Work required: All of the data below must be reproduced word for word, but without its images.

Data block:

================

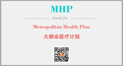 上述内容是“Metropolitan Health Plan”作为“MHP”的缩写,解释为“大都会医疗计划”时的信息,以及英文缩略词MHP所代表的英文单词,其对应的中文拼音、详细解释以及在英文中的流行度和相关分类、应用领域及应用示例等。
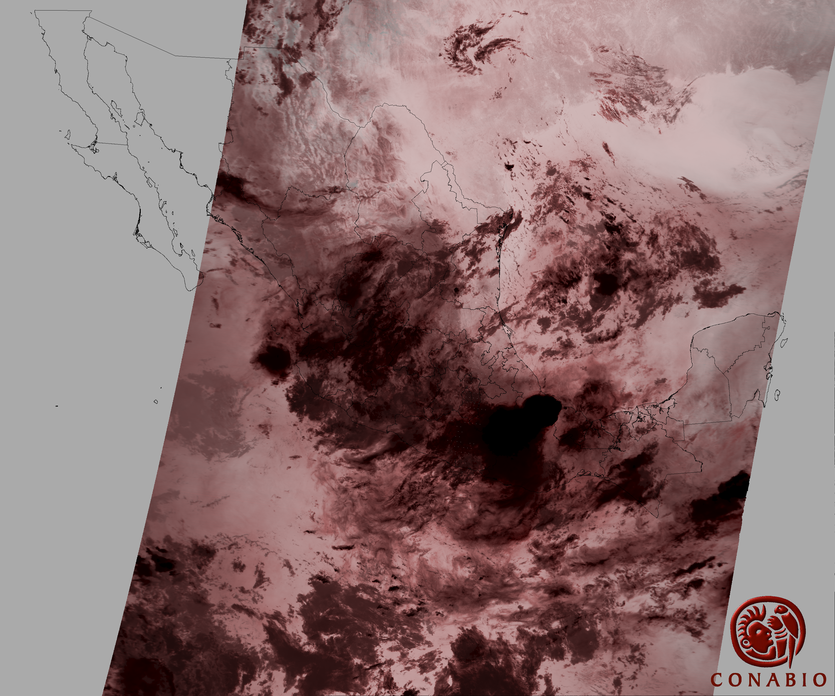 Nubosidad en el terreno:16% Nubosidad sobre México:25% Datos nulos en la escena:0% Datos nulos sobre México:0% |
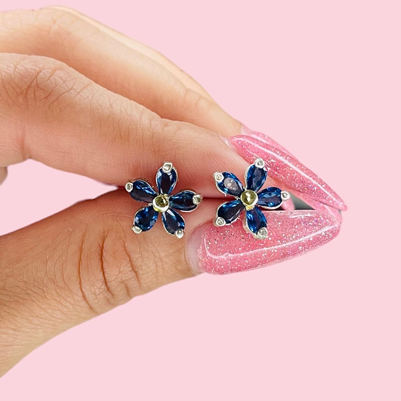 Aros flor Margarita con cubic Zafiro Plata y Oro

================

Response to the task:
 上述内容是“Metropolitan Health Plan”作为“MHP”的缩写,解释为“大都会医疗计划”时的信息,以及英文缩略词MHP所代表的英文单词,其对应的中文拼音、详细解释以及在英文中的流行度和相关分类、应用领域及应用示例等。
 Nubosidad en el terreno:16% Nubosidad sobre México:25% Datos nulos en la escena:0% Datos nulos sobre México:0% |
 Aros flor Margarita con cubic Zafiro Plata y Oro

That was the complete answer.